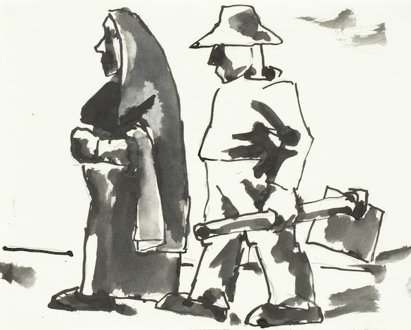 | Going to work Together with 4 further pen and ink sketches by the same hand (all unframed)(5) | |
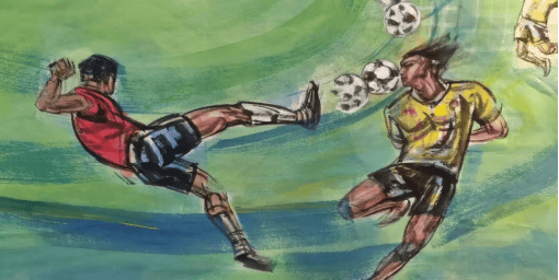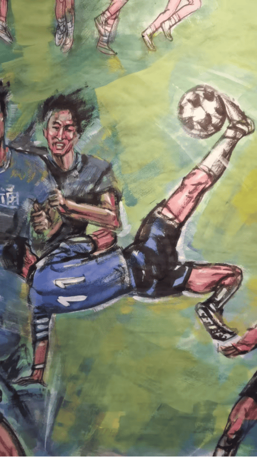 其一,是传统艺术与现代体育的破壁联动。国画作为中国传统艺术的核心载体,历来多表现山水、花鸟、历史人物,而这幅作品却将视角对准 “足球联赛” 这一充满现代活力的竞技场景:用毛笔勾勒射门的弧线,用墨色渲染赛场的激情,既打破了传统国画的题材边界,也让足球运动的 “速度与力量” 通过传统笔墨得到独特诠释,为两种文化形态找到了共鸣点。
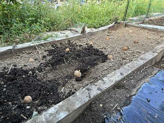 今朝の最低気温は24度と久しぶりに熱帯夜から解放されました。今週末から来週にかけては、最高気温も30度を切る日もあるようで過ごし易くなりそうです。当初、秋ジャガは作らない予定でしたが、秋冬野菜の植付け場所の確認をしていると木枠に空きが出ることが分かったので、急遽秋ジャガを植付けることにしました。今回の種芋は、小屋の中で保管していたクズ芋のインカのめざめを植付けています。インカは秋じゃがにはむかないのですが、少しでも収穫が出来ればと思い植付けてみました。今回植付けた種芋は、全部で13個です。収穫はクリスマス前後を予定。
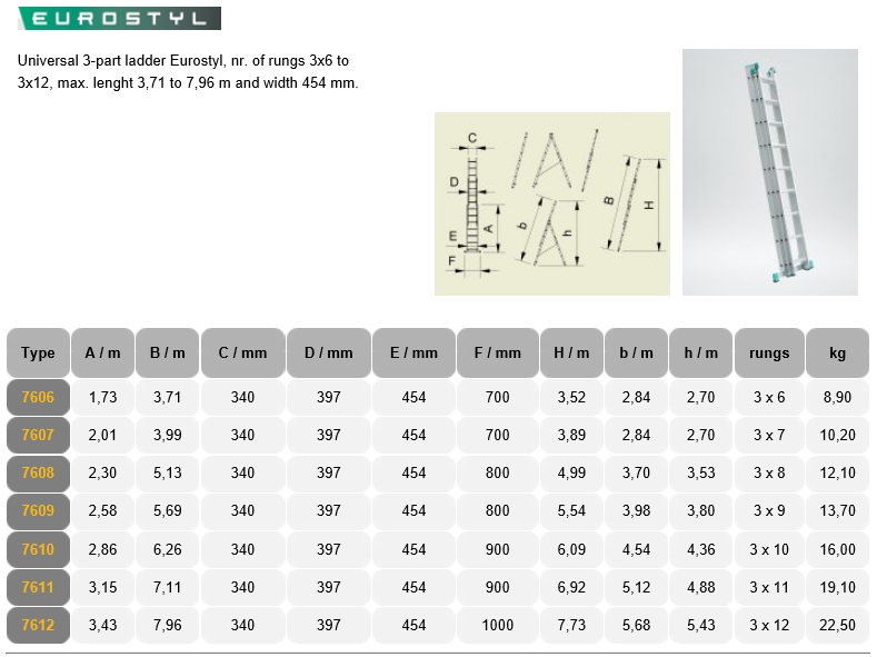 Eurostyl - Merdevine - 3x7 su visokokvalitetne merdevine koje pripadaju renomiranom brendu Eurostyl. Ove merdevine su dizajnirane i proizvedene sa pažnjom i preciznošću, kako bi pružile sigurnost i pouzdanost prilikom korišćenja. Sa dimenzijama 3x7, ove merdevine su savršen izbor za različite zadatke i radove u kući ili na gradilištu.
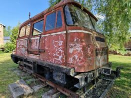 Stand 2024: eine Diesellok vom Typ V10B und ein gedeckter Güterwagen sind noch vorhanden.
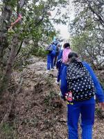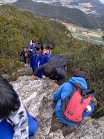 3月9日(月)に、6年生児童は、卒業遠足で雨乞山に登りました。地域の鈴木さんにガイドをしていただきました。山の斜面は急な個所も多く、四つん這いになって登ったり、お互いで手を貸し合いながら協力して登ったりしました。今日は天気もよく、山頂からの景色は絶景でした。自分たちの住んでいる地域にこんなに素晴らしい場所があることをたくさんの児童たちは実感しました。また、卒業後も、困難に負けずに生きていこうという決意をもちました。

YOUR GOAL
Since the pictures are not wanted, transcribe the rest of the listing above exactly.

FINAL ANSWER
 | Going to work Together with 4 further pen and ink sketches by the same hand (all unframed)(5) | |
 其一,是传统艺术与现代体育的破壁联动。国画作为中国传统艺术的核心载体,历来多表现山水、花鸟、历史人物,而这幅作品却将视角对准 “足球联赛” 这一充满现代活力的竞技场景:用毛笔勾勒射门的弧线,用墨色渲染赛场的激情,既打破了传统国画的题材边界,也让足球运动的 “速度与力量” 通过传统笔墨得到独特诠释,为两种文化形态找到了共鸣点。
 今朝の最低気温は24度と久しぶりに熱帯夜から解放されました。今週末から来週にかけては、最高気温も30度を切る日もあるようで過ごし易くなりそうです。当初、秋ジャガは作らない予定でしたが、秋冬野菜の植付け場所の確認をしていると木枠に空きが出ることが分かったので、急遽秋ジャガを植付けることにしました。今回の種芋は、小屋の中で保管していたクズ芋のインカのめざめを植付けています。インカは秋じゃがにはむかないのですが、少しでも収穫が出来ればと思い植付けてみました。今回植付けた種芋は、全部で13個です。収穫はクリスマス前後を予定。
 Eurostyl - Merdevine - 3x7 su visokokvalitetne merdevine koje pripadaju renomiranom brendu Eurostyl. Ove merdevine su dizajnirane i proizvedene sa pažnjom i preciznošću, kako bi pružile sigurnost i pouzdanost prilikom korišćenja. Sa dimenzijama 3x7, ove merdevine su savršen izbor za različite zadatke i radove u kući ili na gradilištu.
 Stand 2024: eine Diesellok vom Typ V10B und ein gedeckter Güterwagen sind noch vorhanden.
 3月9日(月)に、6年生児童は、卒業遠足で雨乞山に登りました。地域の鈴木さんにガイドをしていただきました。山の斜面は急な個所も多く、四つん這いになって登ったり、お互いで手を貸し合いながら協力して登ったりしました。今日は天気もよく、山頂からの景色は絶景でした。自分たちの住んでいる地域にこんなに素晴らしい場所があることをたくさんの児童たちは実感しました。また、卒業後も、困難に負けずに生きていこうという決意をもちました。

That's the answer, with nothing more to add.